**Task statement:**
In the entries below, which lines run from the one containing "Have a fabulous" to the one containing "The round table"? Copy exactly those lines, ends included, and no others.

**Given data:**
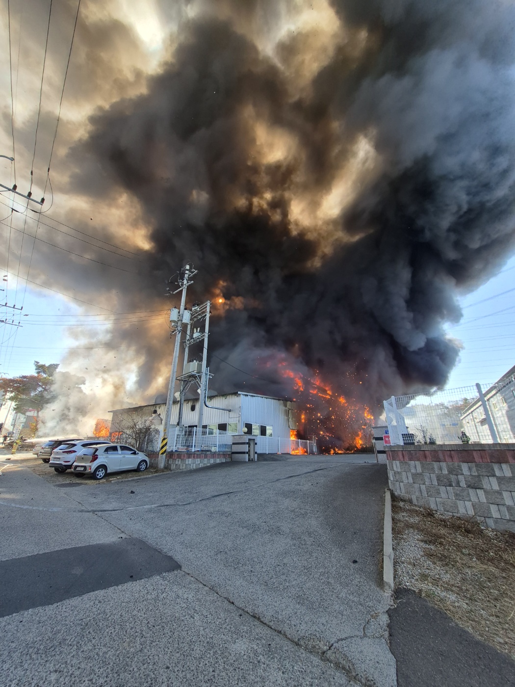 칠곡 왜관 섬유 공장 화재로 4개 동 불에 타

--

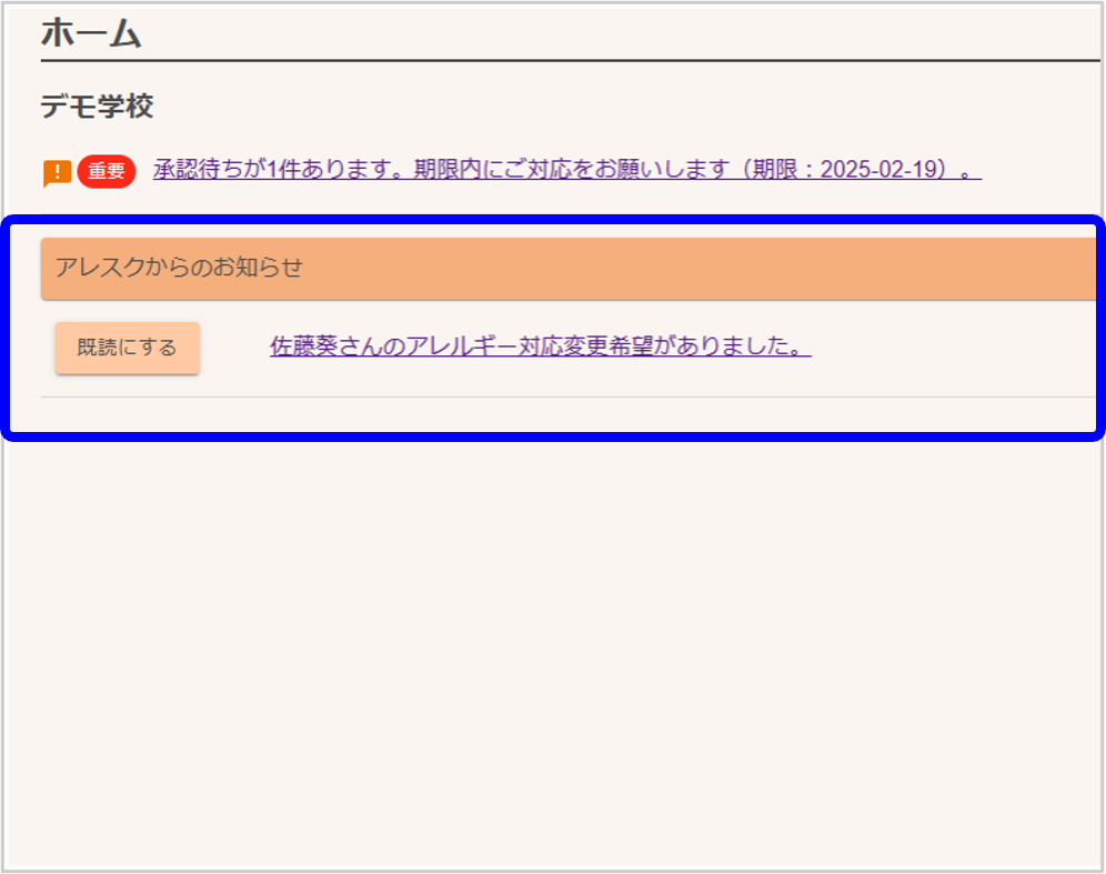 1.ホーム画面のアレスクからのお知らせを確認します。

---

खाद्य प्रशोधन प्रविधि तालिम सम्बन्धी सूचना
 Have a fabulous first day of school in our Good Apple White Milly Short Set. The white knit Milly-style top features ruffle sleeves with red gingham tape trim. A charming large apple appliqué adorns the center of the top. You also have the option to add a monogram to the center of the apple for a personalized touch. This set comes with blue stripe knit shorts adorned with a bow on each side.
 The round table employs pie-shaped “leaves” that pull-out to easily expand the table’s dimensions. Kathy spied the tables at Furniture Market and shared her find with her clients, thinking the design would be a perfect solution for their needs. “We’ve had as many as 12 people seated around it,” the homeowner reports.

**Solution for this problem:**
 Have a fabulous first day of school in our Good Apple White Milly Short Set. The white knit Milly-style top features ruffle sleeves with red gingham tape trim. A charming large apple appliqué adorns the center of the top. You also have the option to add a monogram to the center of the apple for a personalized touch. This set comes with blue stripe knit shorts adorned with a bow on each side.
 The round table employs pie-shaped “leaves” that pull-out to easily expand the table’s dimensions. Kathy spied the tables at Furniture Market and shared her find with her clients, thinking the design would be a perfect solution for their needs. “We’ve had as many as 12 people seated around it,” the homeowner reports.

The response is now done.